Rootly is an all-in-one platform that streamlines collaboration, communication, and learning. It automates away manual toil engineers suffer through today and captures data-driven insights. With Rootly, companies accelerate their incident resolution and learn how to prevent them in the future.
Teams depend on Rootly to improve their reliability:
- Collaborate: Seamlessly handoff alerts from PagerDuty to quickly declare incidents from your tool of choice like Slack. Automatically involve all the right teams in seconds, not minutes. Beyond just engineering but loop in legal, support, and sales. With intelligent workflows, no more wondering what team owns which service or who should be responsible for what. Rootly does the heavy lifting for you.
- Communicate: Build your incident timeline through Web or Slack. Autolink war rooms with our Zoom & Google Meet integrations. Rich and customizable private and public status pages ensure everyone is updated while you focus on what you do best, fighting fires.
- Remediate: Enrich your timeline with automated Genius workflows. Fetch relevant information as recent git commits of your impacted services. Customize your workflows based on any incident condition.

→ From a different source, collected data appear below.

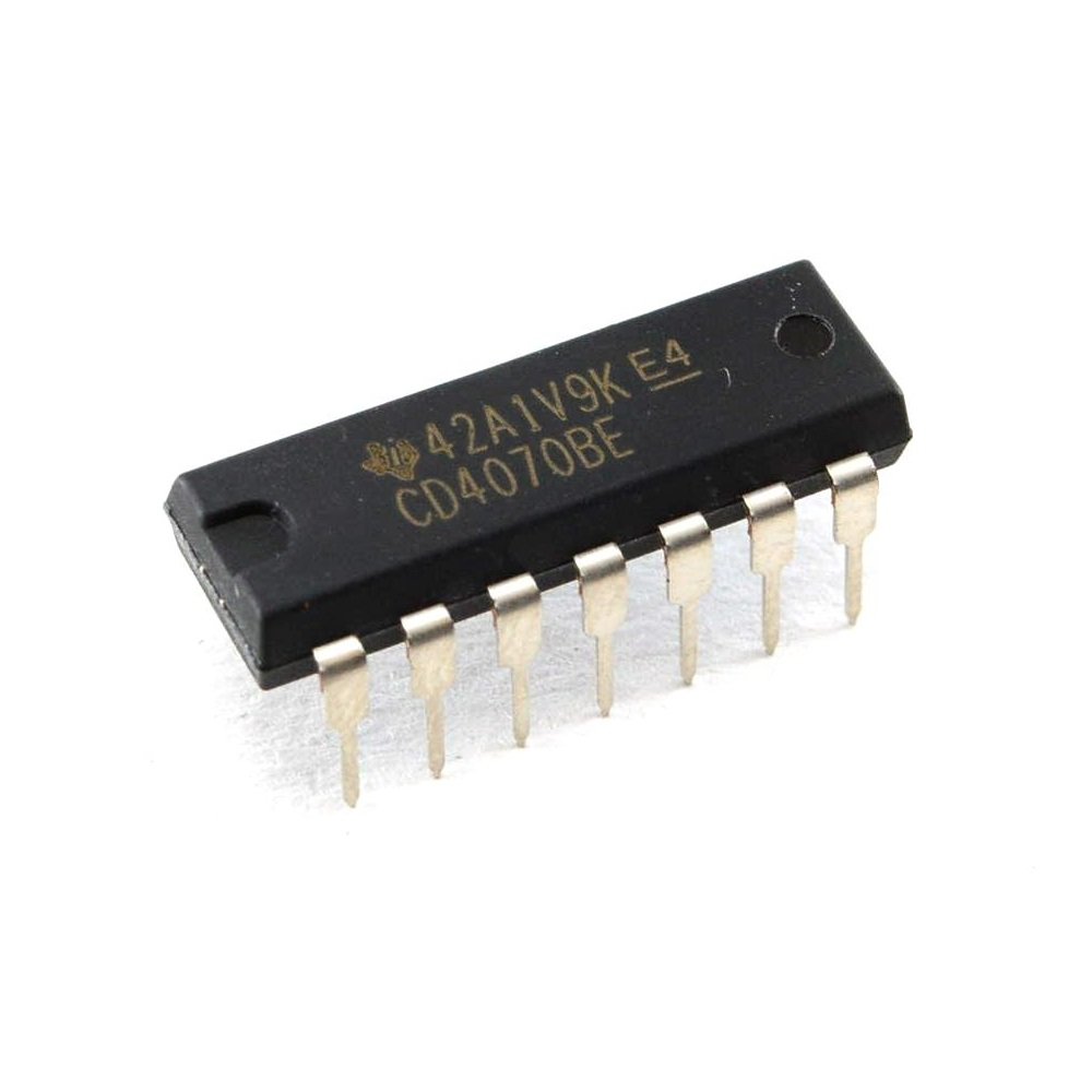 Circuito integrado CMOS CD4070. Cuatro compuertas OR exclusivas de 2 entradas.
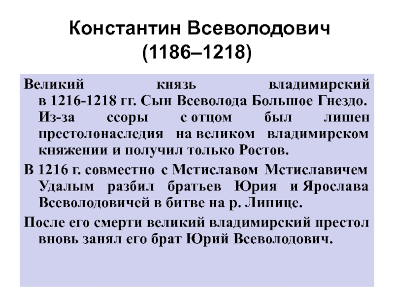 Слайд 64Великий князь владимирский в 1216-1218 гг. Сын Всеволода Большое Гнездо. Из-за ссоры с отцом
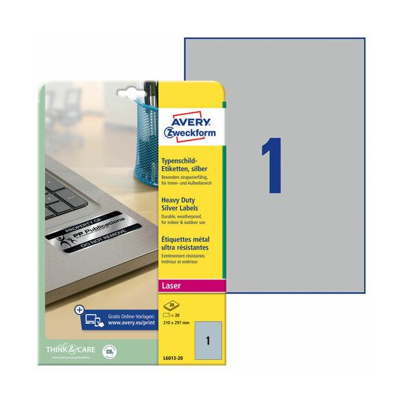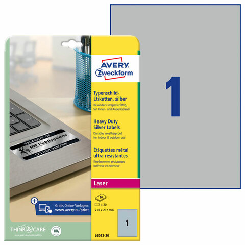 Этикетка самоклеящаяся 210x297 мм, 1 этикетка, полиэстер, серебро, 20 листов, Avery Zweckform, L6013-20
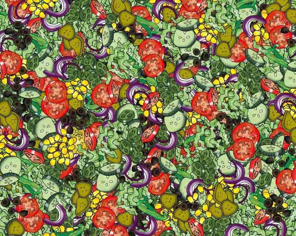 Hidden Face Optical Illusion - Find Emperor's Face in Salad in 8 Seconds
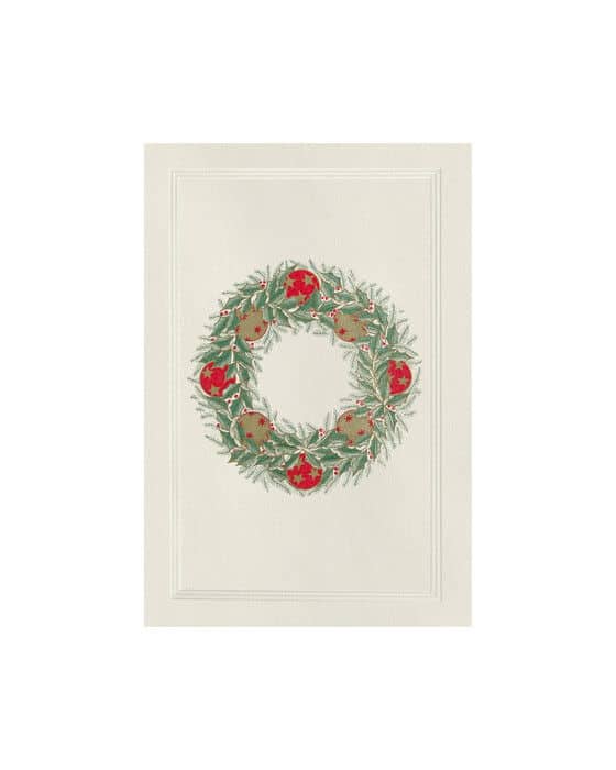 En stilfuld julehilsen med klassisk symbolik. Dette elegante kort er prydet af en vintergrøn krans dekoreret med røde julekugler og subtile detaljer i guld og hvidt. Den prægede ramme giver et eksklusivt indtryk, et tidløst valg til en inderlig og smuk julehilsen.
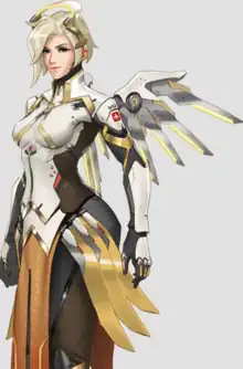 Mercy was one of the first twelve Overwatch characters introduced at Blizzard's BlizzCon 2014 event.[1] A Polygon story covering the event noted Mercy was equipped with feathery wings, a healing stream, and a pistol.[1] Mercy is voiced by Lucie Pohl, a German-American voice actress.[2] While Blizzard had been trying to find an actor native to the area that could perform a good Swiss-German accent, they found Pohl's accent to be good for the character and selected her instead, according to lead writer Michael Chu.[3]
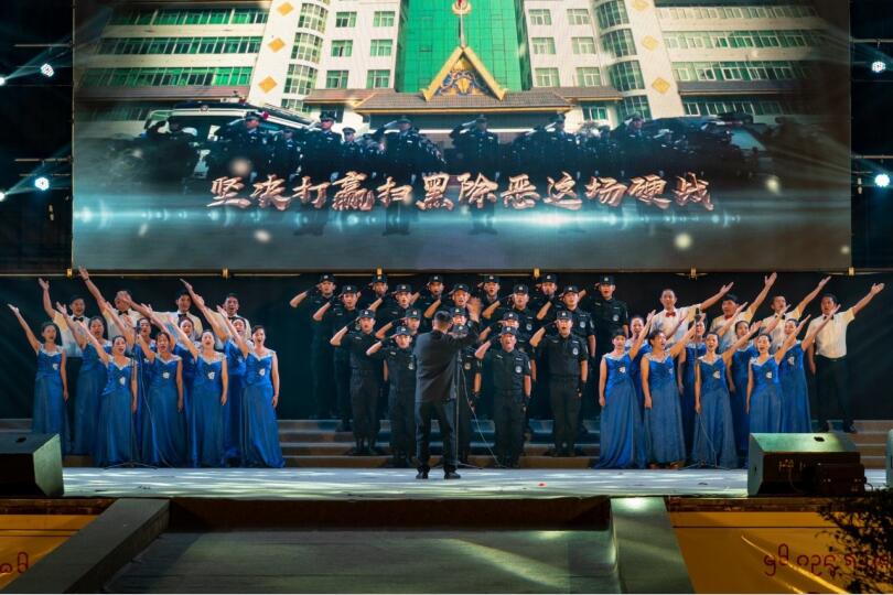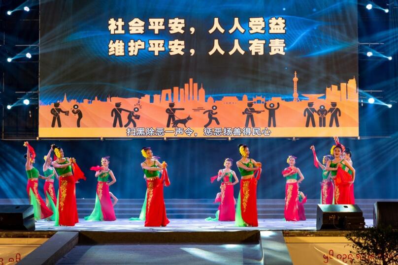 晚8点整,晚会在歌舞《和谐家园》中拉开序幕。晚会分《扫黑除恶亮利剑》《扫黑除恶筑平安》《扫黑除恶创和谐》3个篇章,共14个节目。
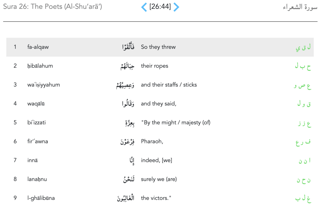 فَأَلْقَوْا حِبَالَهُمْ وَعِصِيَّهُمْ وَقَالُوا بِعِزَّةِ فِرْعَوْنَ إِنَّا لَنَحْنُ الْغَالِبُونَ
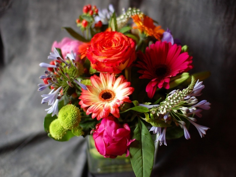 • Красивий букет з різнокольорових гербер
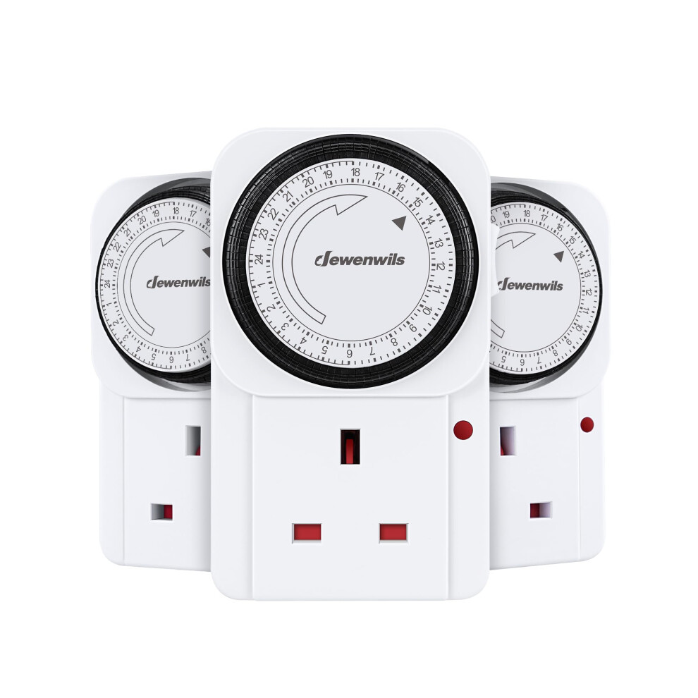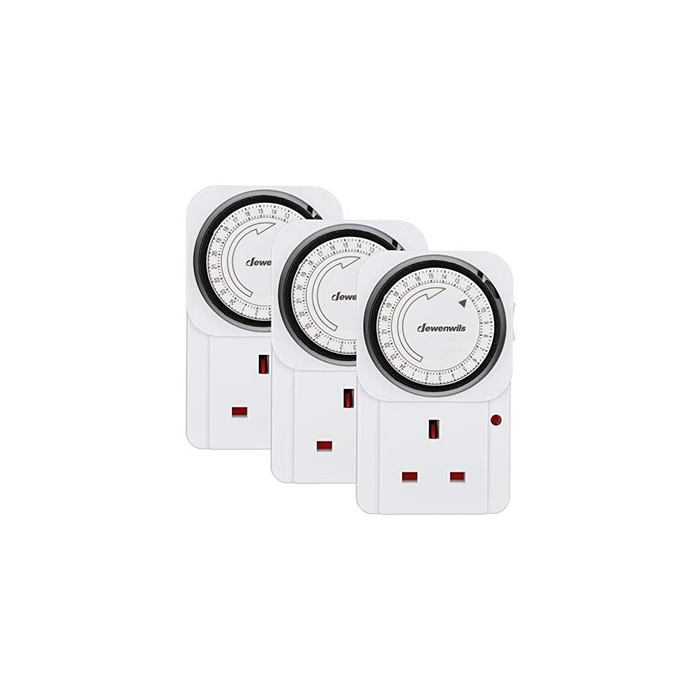 DEWENWILS Timer Plug Socket UK, 24 Hour Programmable Energy Saving Light Timer for Home Security, Lamp, Router Christmas Light, Coffee Machine, Home Appliances (3 Pack)
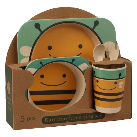 Zestaw niebieskich naczyń dla dzieci z pszczółką
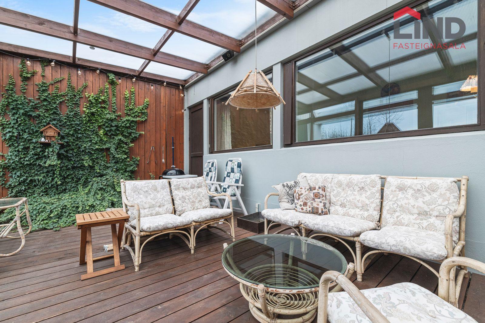 Sólskáli: Er u.þ.b. 30 fermetrar að stærð með viðargólfi gler gluggum til suðurs inn í bakgarð hússins. Rennihurðar og gler í þaki.
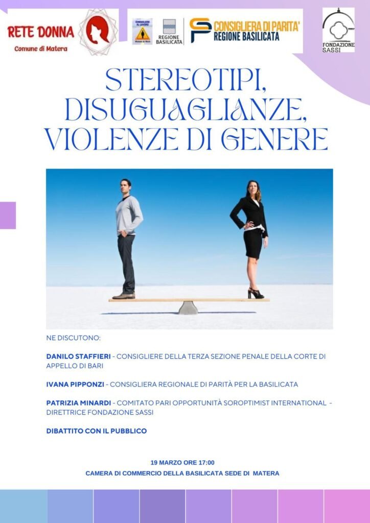 L’incontro intende analizzare il gender gap da una prospettiva giuridica e sociale, con il contributo di Danilo Staffieri, consigliere della Terza Sezione Penale della Corte d’Appello di Bari, Ivana Pipponzi, consigliera regionale di Parità della Basilicata, e Patrizia Minardi, componente del Comitato Pari Opportunità Soroptimist International e direttrice della Fondazione Sassi. Nel corso dell’appuntamento sarà presentato anche il volumetto “Pillole di Po”, raccolta di riflessioni dedicate ai temi della dignità, della giustizia e dell’uguaglianza.
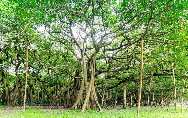 這棵位于印度豪拉植物園(Acharya Jagadish Chandra Bose Botanical Garden)的榕樹有250年的歷史,占地約1.4萬平方米,直徑達(dá)411米,有3600個(gè)氣根。該植物園圍繞這些氣根修建了道路,以便游客近距離欣賞。人們將其稱為“大榕樹”。
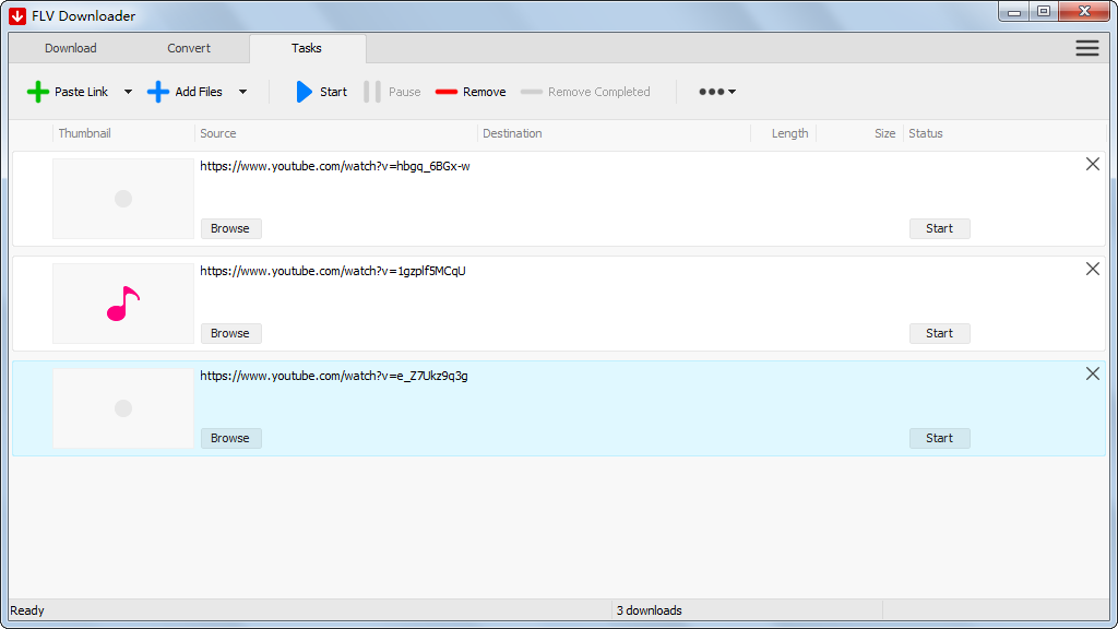 ด้านการใช้งานของโปรแกรม FLV Downloader ก็โหลดวิดีโอได้แบบง่ายๆ ใน 3 ขั้นตอน แค่เลือกหัวข้อว่าจะแปลง (Convert) หรือโหลด (Download) - กดปุ่ม Paste Link (สำหรับโหลด) หรือ Add Files (สำหรับแปลง) - แล้วกดปุ่ม Start เพียงเท่านี้ก็จะเริ่มกระบวนการดาวน์โหลด หรือ แปลงไฟล์วิดีโอแล้ว ผู้ใช้ไม่ต้องทำอะไรต่อเลย รอจนเสร็จจากนั้นก็กดปุ่ม Preview เพื่อดูตัวอย่างได้เลย หรือถ้าอยากจะหาไฟล์ก็แค่กดปุ่ม Browse มันก็จะแสดงโฟลเดอร์ที่เก็บวิดีโอให้ทันที

- Retrospective: Learn from incidents with beautiful postmortems engineers want to write without the manual toil of copy and pasting. Accurately replay past incidents to help simulate real world disaster scenarios to train engineers faster and keep their tools sharp. Organized and easily shared, not buried in a Google Doc that can’t be found.
All-in-one incident response platform for humans.